How to complete this task ::
From the line containing "Suéter de cachemira" to the last line of the data, both included, transcribe each line exactly, leaving out pictures and adding nothing.

(Beginning of Supplied data)

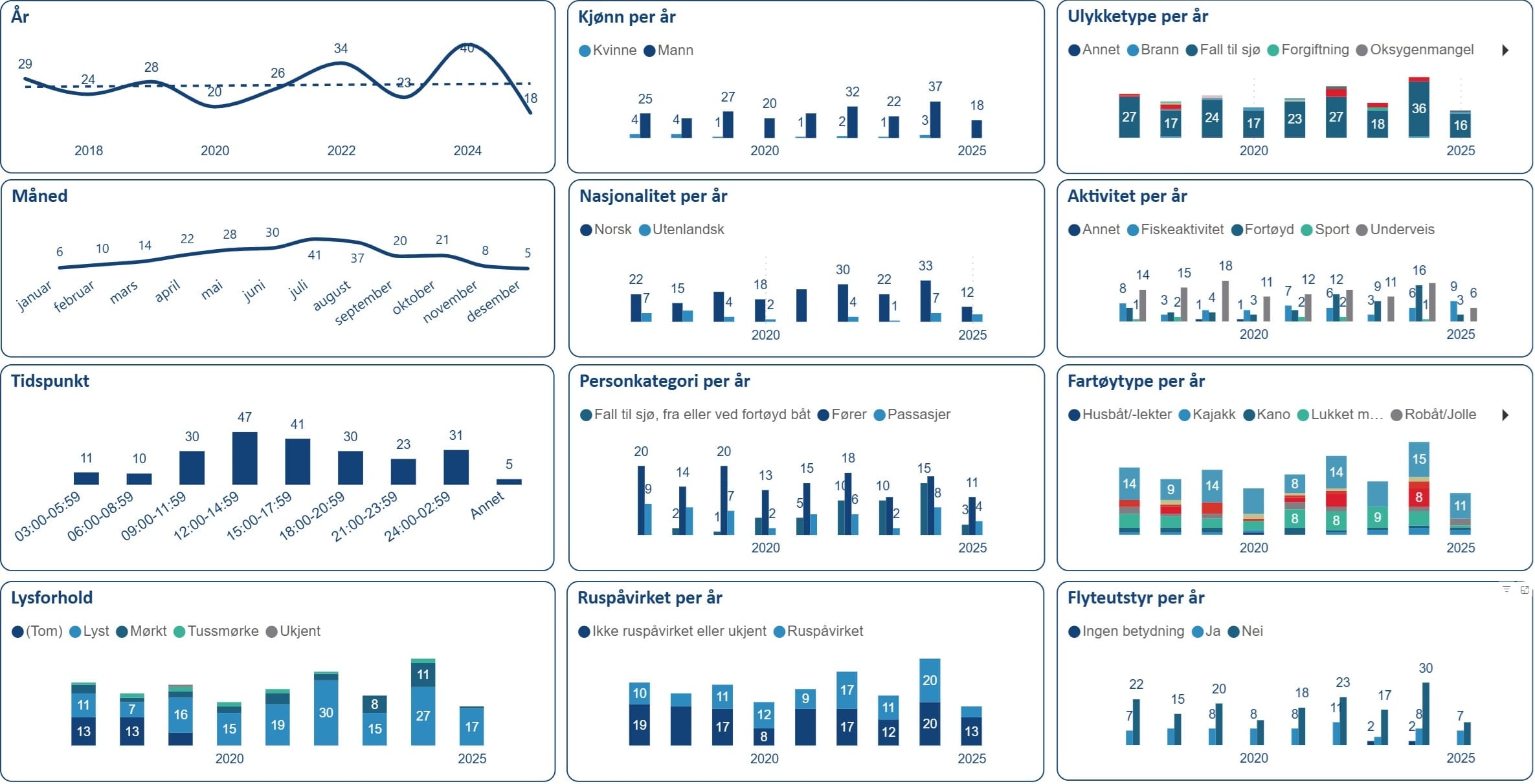 I perioden fra 2017 til 2023 har antall dødsulykker med fritidsbåter ligget relativt stabilt, vanligvis mellom 20 og 30 omkomne per år. Dette viser at risikoen med å ferdes på sjøen over tid har vært vedvarende høyt, til tross for økt fokus på sikkerhet, opplæring og regelverk.
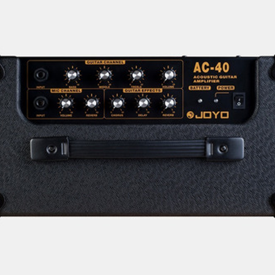 El amplificador ac£stico AC-40 est desarrollado sobre la base del popular AC-20. Aunque conserva la alta calidad de sonido, es m s potente y port til gracias a su bater¡a integrada y, por lo tanto, es una excelente opci¢n para actuaciones al aire libre. Su potencia de 40 W (RMS) puede cumplir f cilmente con los requisitos para peque¤os espect culos en vivo y se puede usar hasta 3 horas seguidas cuando est completamente cargada. Basado en el circuito DSP del AC-20, ofrece la misma claridad de sonido y sin duda satisfar las demandas de su amplificador.
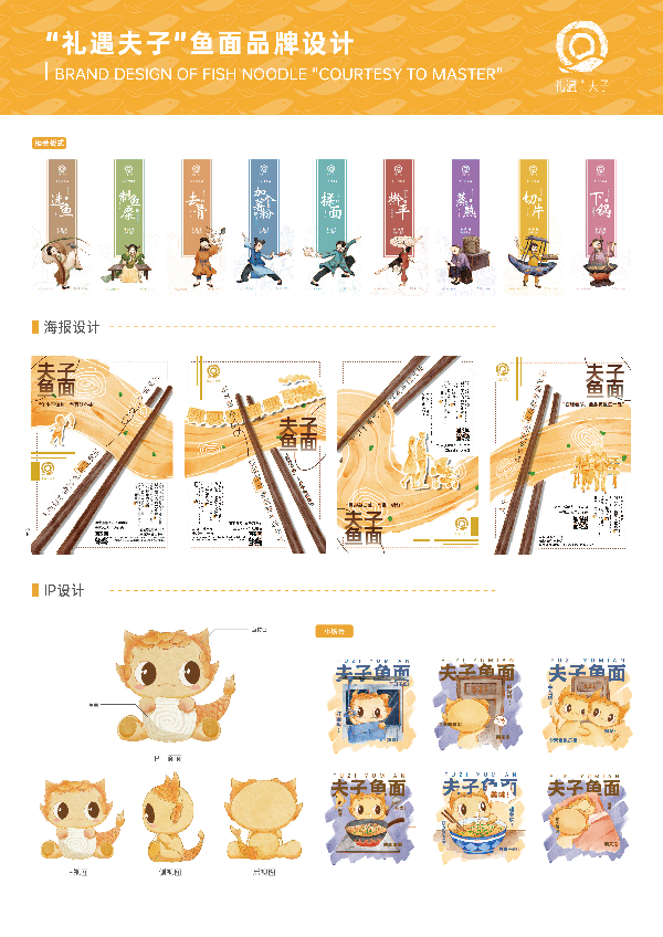“礼遇夫子”是以湖北麻城特色美食鱼面为主题打造的土特产品牌设计。项目源于我童年对鱼面的美好记忆,整体以水彩插画为表现手法,采用温润的黄色系色调,呼应夫子河鱼面的奶黄本色,营造亲切自然的品牌气质。设计内容涵盖标志、插画、海报等,旨在融合地域文化与现代视觉语言,构建具有地方特色与情感温度的品牌形象,为传统美食注入新的生命力。 |
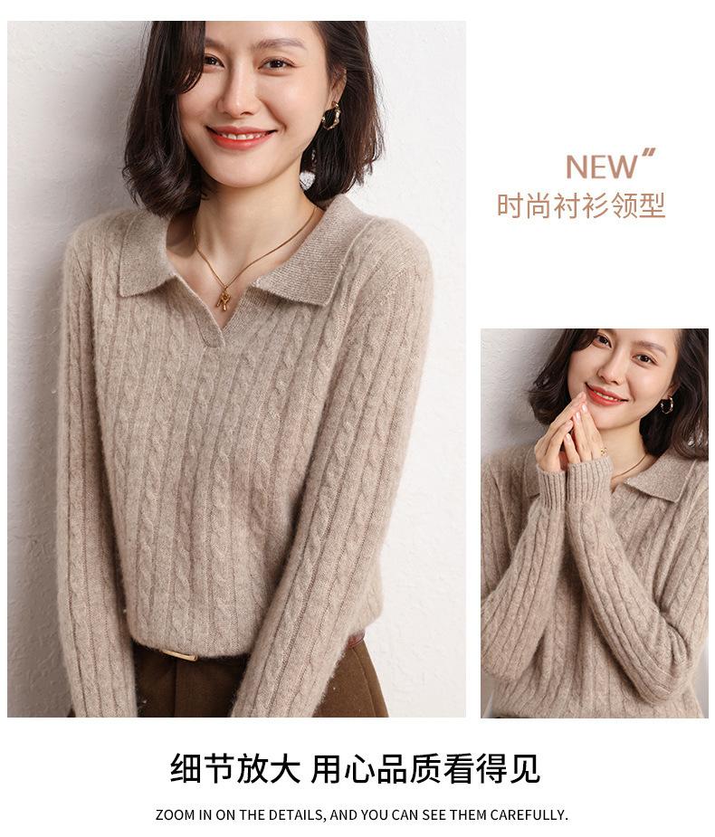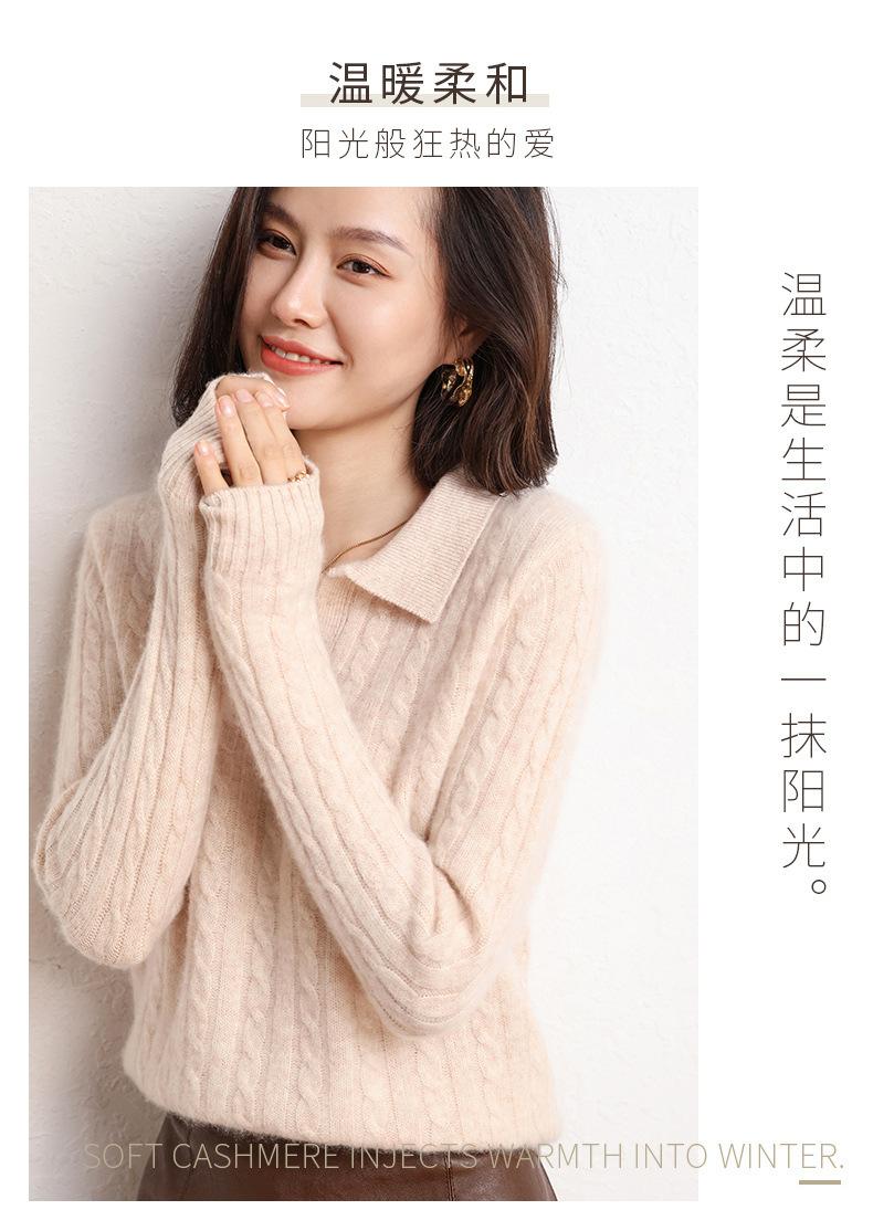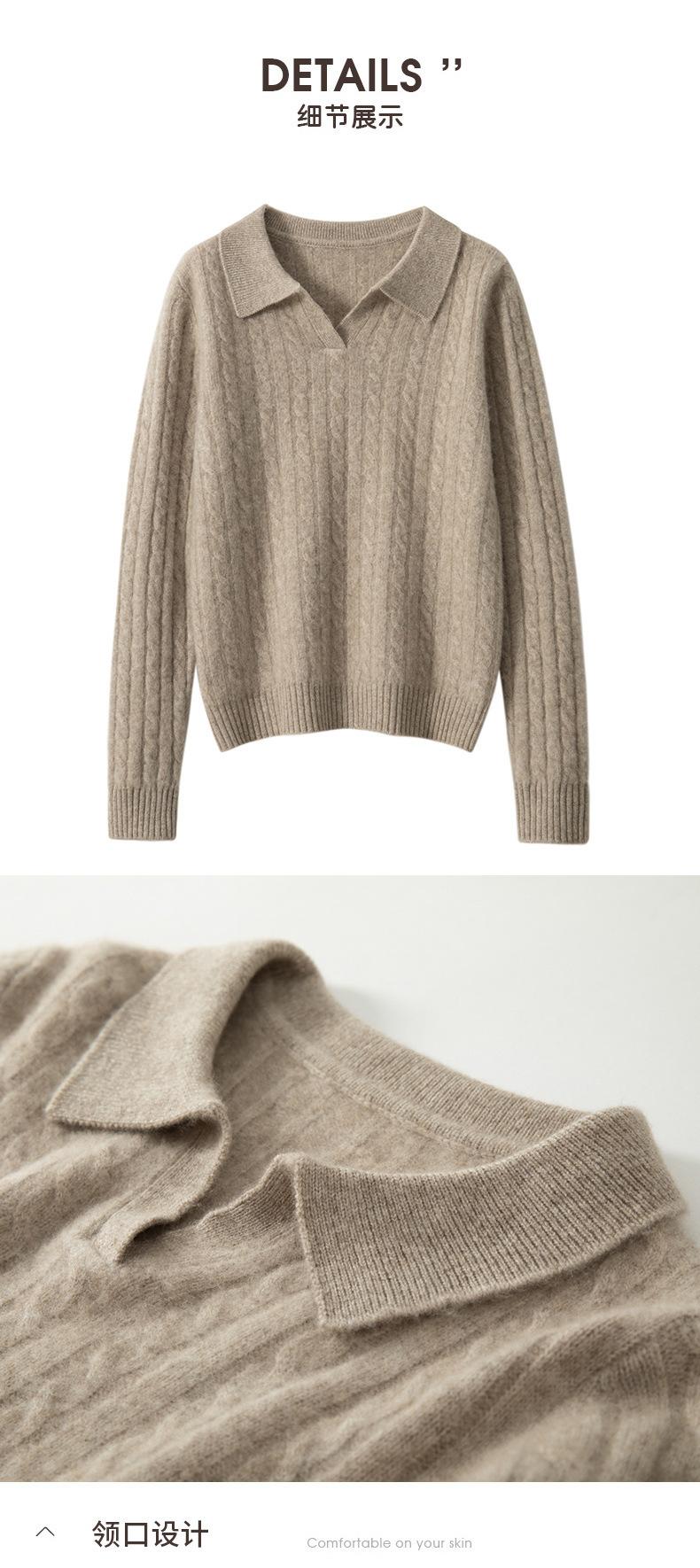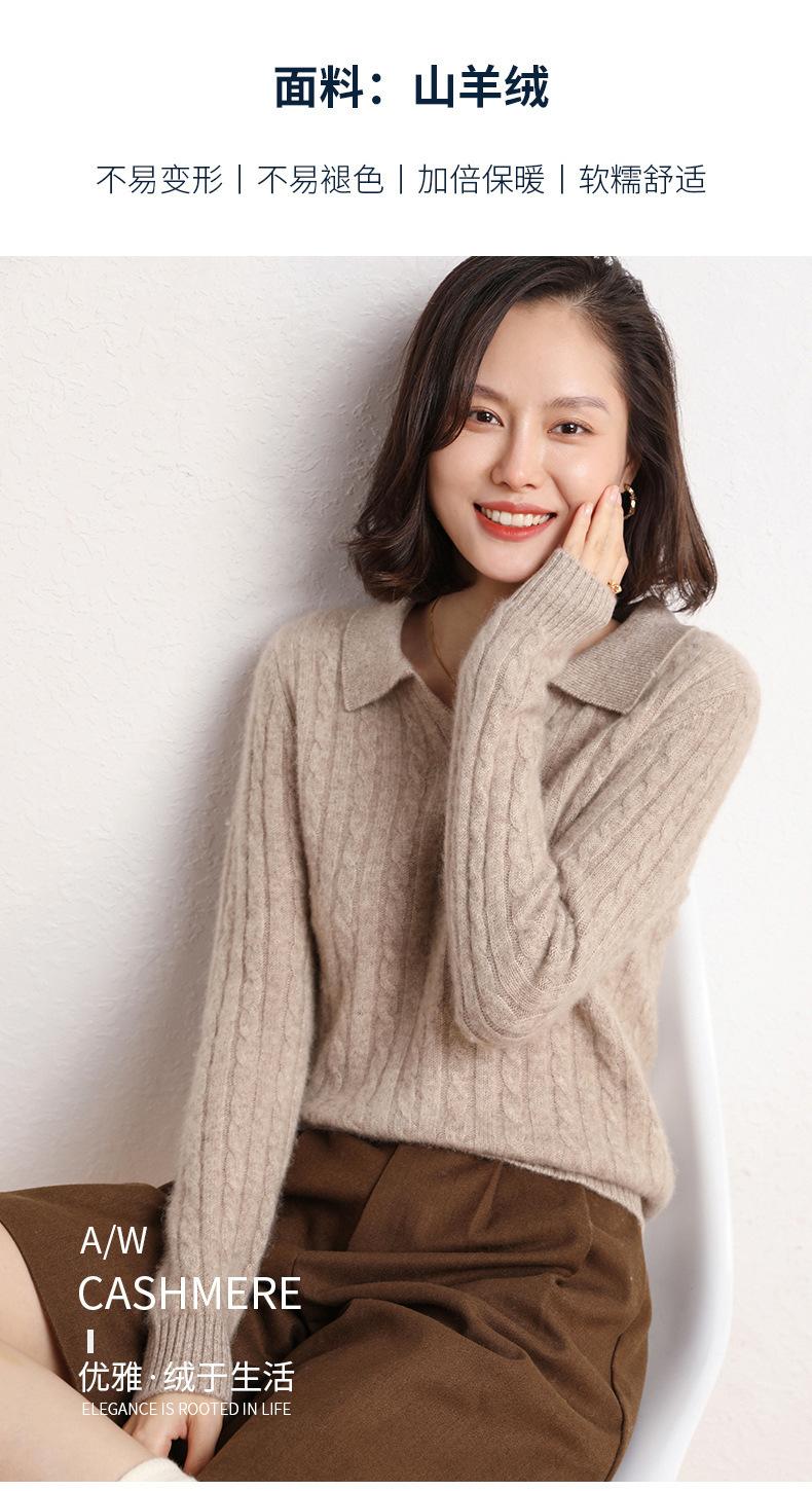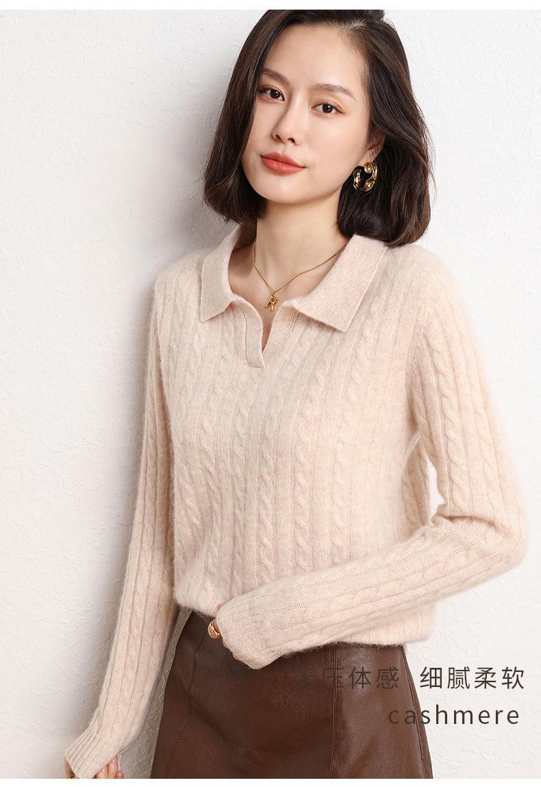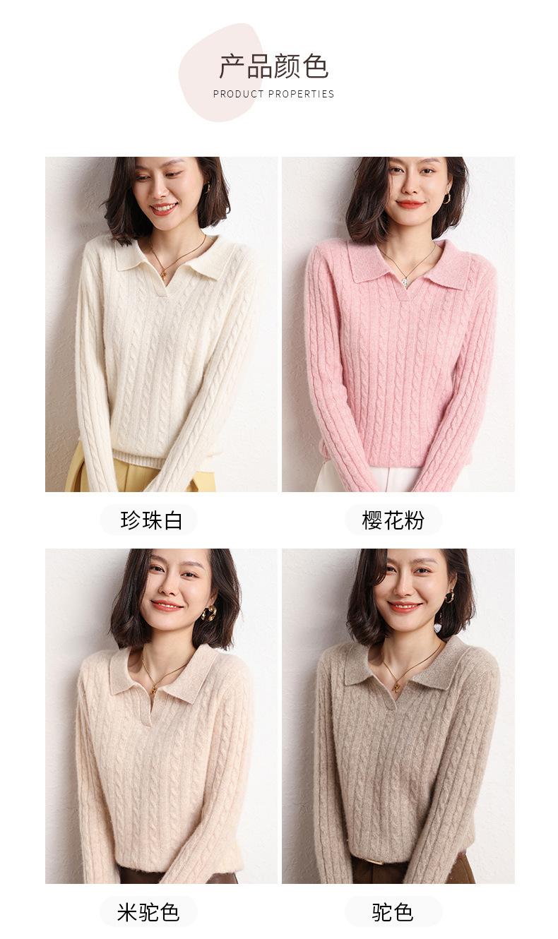 Suéter de cachemira con cuello POLO para mujer, otoño e invierno 2024, nuevo jersey corto de punto holgado y ajustado con solapa
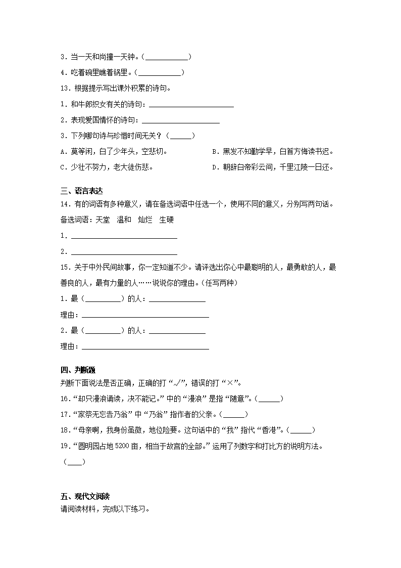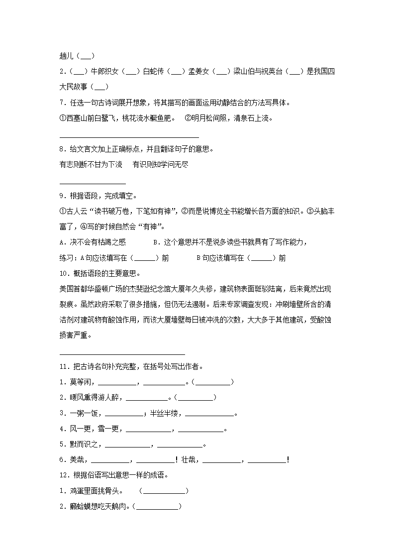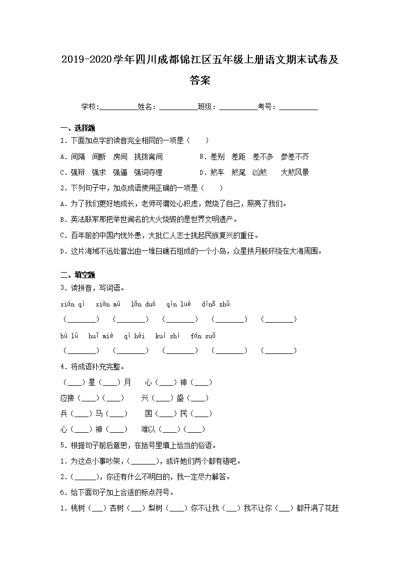 2019-2020学年四川成都锦江区五年级上册语文期末试卷及答案(Word版)08-26

(End of Supplied data)

Response for this exercise ::
 Suéter de cachemira con cuello POLO para mujer, otoño e invierno 2024, nuevo jersey corto de punto holgado y ajustado con solapa
 2019-2020学年四川成都锦江区五年级上册语文期末试卷及答案(Word版)08-26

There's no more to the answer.